Bryan Ruiz quase fez o 2-0 aos 61′. Gelson Martins apanhou uma bola na área, de João Mário, foi à linha, não centrou logo, ergueu a cabeça, viu quem chegava, e chegou Ruiz. O cabeceamento do costa-riquenho, pressionado por Baixinho e Góis, ao segundo poste, saiu por cima. Não marcou o Sporting, marcou o Paços, de grande penalidade. Foi aos 78′. Barnes Osei, ganês, também ele, como Andrezinho, formado no Paços de Ferreira, centrou desde a direita, a bola cruzou a defesa, e quando Cícero se aproximou para tentar desviá-la, o árbitro, Manuel Oliveira, viu um empurrão de João Pereira nas costas do ponta-de-lança guineense, deitou o apito à boca, assinalou falta, e expulsou o lateral-direito do Sporting. Pelé bateu para a esquerda, Rui Patrício escolheu a direita da baliza, e fez o 1-1.
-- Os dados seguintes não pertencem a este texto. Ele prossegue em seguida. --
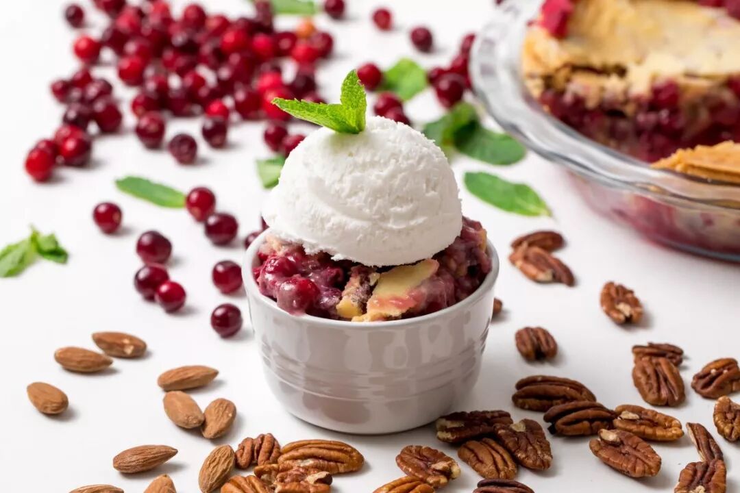 在酸奶、冰激凌、手工奶酪中加入蔓越莓,美味又健康。主要用到的是蔓越莓干、果汁和冻果。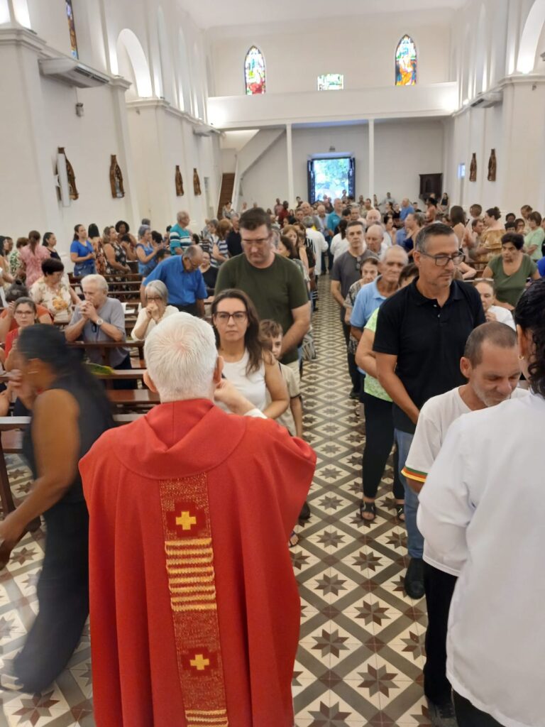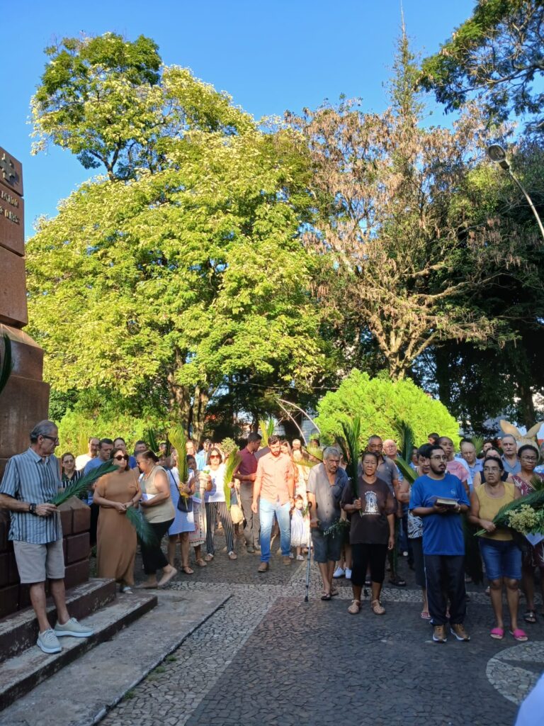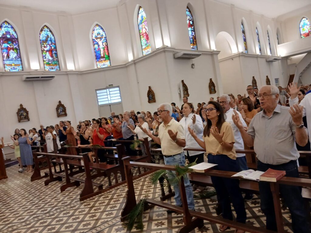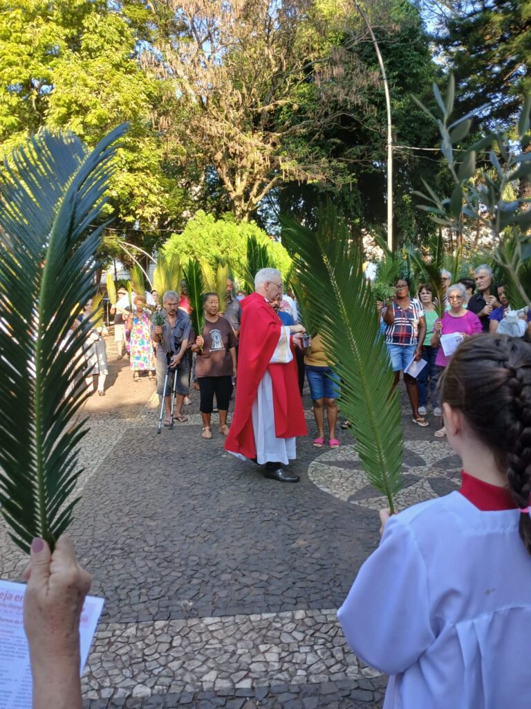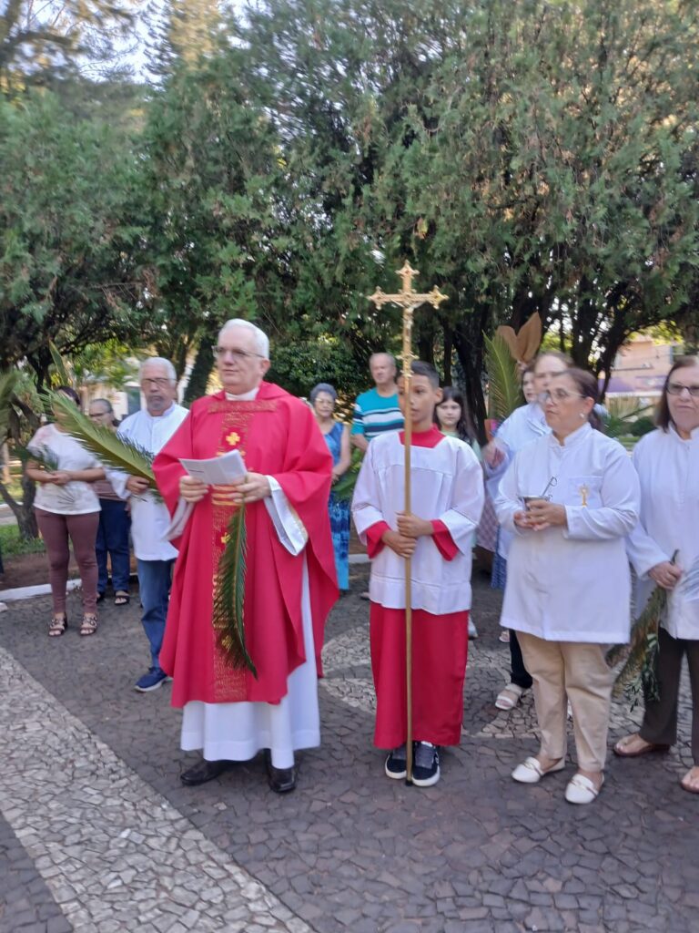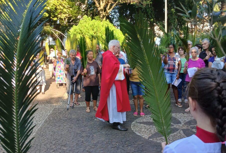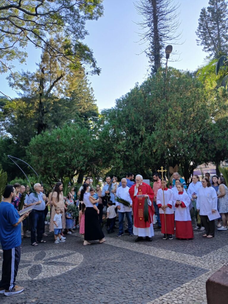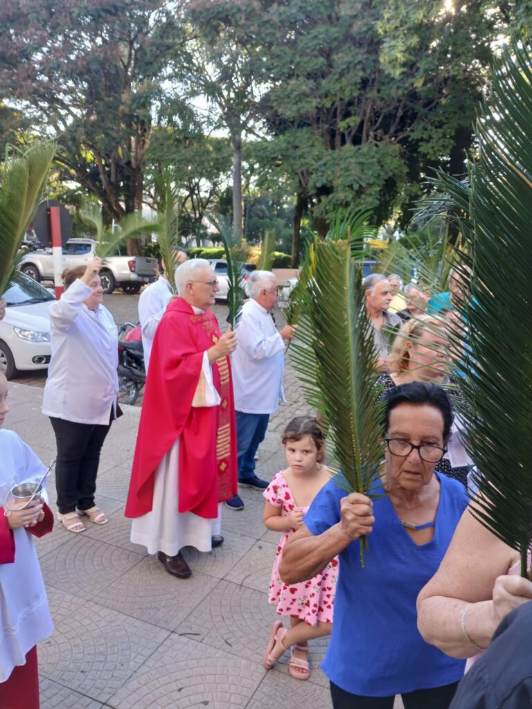 A liturgia incluiu a tradicional bênção dos ramos (palmeiras ou oliveiras), procissão dos fiéis e a proclamação da Paixão do Senhor, convidando à reflexão sobre a fé e o caminho da cruz.

O Sporting foi atrás de virar o resultado, da vitória, às vezes com certeza, às vezes em esforço, e o Paços de Ferreira defendia como conseguia, todos os instantes lhe serviam para respirar, ganhar fôlego e ganhar tempo no cronómetro do árbitro portuense. Aos 88′, Jefferson centra para a área, Carrillo amortece de cabeça, e Gelson, na passada, meio acrobático, chuta de primeira com o pé direito, para uma defesa esforçada, no relvado, de Marafona, que desviou, junto ao poste, com a luva esquerda.

O jogo terminou pouco depois, com uma assobiadela e tanto dos adeptos sportinguistas. No relvado, Jorge Jesus e os futebolistas dos leões mostravam-se pouco satisfeitos com o penalti de João Pereira, que reclamavam não ter existido. O empate deixa as duas equipas no primeiro lugar, provisoriamente, com quatro pontos. Quarta-feira, o Sporting vai a Moscovo, ao Arena Khimki, defrontar o CSKA, no jogo mais importante da temporada, e com muitos milhões em disputa. No regresso à Liga, viaja até Coimbra, no domingo, para defrontar a Académica, enquanto o Paços de Ferreira recebe, na Mata Real, o Arouca. O recorde que o Sporting procurava hoje, não caiu no relvado de Alvalade. Caiu Cícero, esse sim, e o Paços (que também não levou um recorde de volta a casa) empatou o jogo.